## Exercise aim
If you see a picture in the data below, omit it and copy the rest exactly.

--- Input data Enclosed Below ---

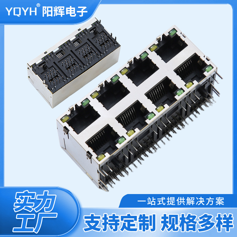 55A-8P8C1x4 ハーフパック RJ45 ネットワークソケット水平ネットワークコネクタ垂直銅シェルメスコネクタ
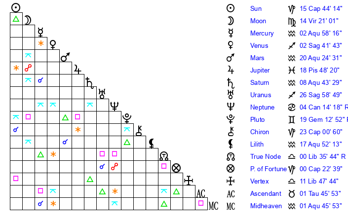 | Moon | 14 Virgo 6 | 23 Aries 28 | 16 Aquarius 1 |
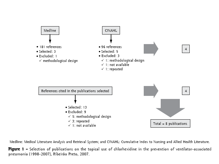 The articles were selected using two major heath care databases, accessed via the Internet: the Medical Literature Analysis and Retrieval System (Medline) and the Cumulative Index to Nursing and Allied Health Literature (CINAHL). The following keywords, which are included in the Medical Subject Headings, were used in the search: pneumonia, ventilator-associated; oral hygiene; chlorhexidine; cross infection/prevention and control; critical care; and intensive care. In addition, a search was carried out in the references cited in the articles selected using the databases.
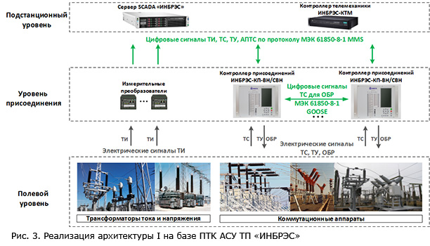 Важнейшим отличием данной архитектуры от описанных выше является обработка аналоговых сигналов телеизмерений с трансформаторов тока (ТТ) и напряжения (ТН) в формате цифрового потока МЭК 61850‑9‑2. Для преобразования электрических сигналов в цифровой вид применяются преобразователи аналоговых сигналов (ПАС) ИНБРЭС-ПП-А, устанавливаемые на полевом уровне вблизи ТТ и ТН. Таким образом в данной архитектуре и сигналы телеизмерений, и сигналы телесигнализации поступают в АСУ ТП и внешние подсистемы в цифровом виде. Аналогично, в цифровом виде, передаются и сигналы телеуправления.

--- End of Enclosed Input data ---

## The completed task
 55A-8P8C1x4 ハーフパック RJ45 ネットワークソケット水平ネットワークコネクタ垂直銅シェルメスコネクタ
 | Moon | 14 Virgo 6 | 23 Aries 28 | 16 Aquarius 1 |
 The articles were selected using two major heath care databases, accessed via the Internet: the Medical Literature Analysis and Retrieval System (Medline) and the Cumulative Index to Nursing and Allied Health Literature (CINAHL). The following keywords, which are included in the Medical Subject Headings, were used in the search: pneumonia, ventilator-associated; oral hygiene; chlorhexidine; cross infection/prevention and control; critical care; and intensive care. In addition, a search was carried out in the references cited in the articles selected using the databases.
 Важнейшим отличием данной архитектуры от описанных выше является обработка аналоговых сигналов телеизмерений с трансформаторов тока (ТТ) и напряжения (ТН) в формате цифрового потока МЭК 61850‑9‑2. Для преобразования электрических сигналов в цифровой вид применяются преобразователи аналоговых сигналов (ПАС) ИНБРЭС-ПП-А, устанавливаемые на полевом уровне вблизи ТТ и ТН. Таким образом в данной архитектуре и сигналы телеизмерений, и сигналы телесигнализации поступают в АСУ ТП и внешние подсистемы в цифровом виде. Аналогично, в цифровом виде, передаются и сигналы телеуправления.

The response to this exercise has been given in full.